At the Steinway, Roy Hart was tentatively probing his way through its
second movement, sight-reading a work about which he had known nothing more,
the day before, than that it had just been completed, whilst, in the remaining
armchair to the right of the coffee table, Sean Carroll was displaying, with
insufferable complacency, all the signs of an attentive listener - part critic,
part devotee of the performance in question.
A hand on Mr Tonks' shoulder made him start
from his morose reflections, as, not without surprise, he recognized the
heavily made-up face of his wife descending towards him. "Sorry to disturb you, Howie," she
whispered in his nearest ear, "but Rebecca has just returned.

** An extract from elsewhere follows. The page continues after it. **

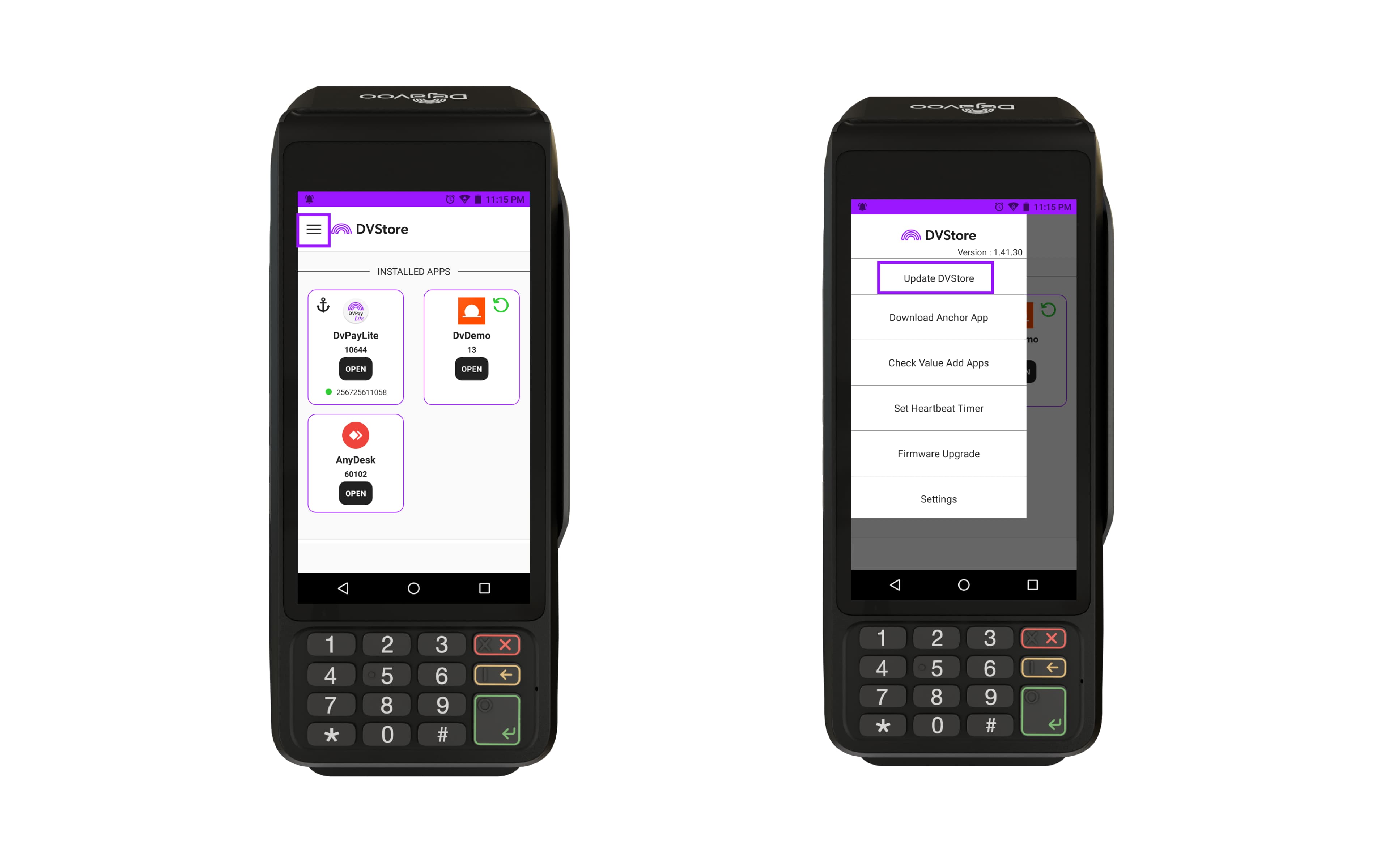 - To manually update DVStore, tap the menu icon in the top left corner → Update DVStore.

So I think you'd better see her at
once."
"Yes, of course!" agreed Mr
Tonks, getting-up from his armchair with some difficulty, in view of the amount
of time he'd already spent in it, and tacitly excusing himself, with a gentle
wave of the hand, from the increasingly odious proximity of his two musically
engrossed guests.
He followed
"But I was always alright,"
confessed Rebecca in a slightly puzzled and offended tone-of-voice, which was
intended to impress upon her father the superfluous, not to say hysterical,
nature of his concerns.
Angered by her daughter's ungrateful and
apparently cavalier attitude, Mrs Tonks spat: "Yes, but you might have
left a note or phoned us on Thursday evening to prove it! You can't imagine the amount of worry your disappearance
has caused us, these past three days.
What with Mrs Marchbanks' letter of resignation ..."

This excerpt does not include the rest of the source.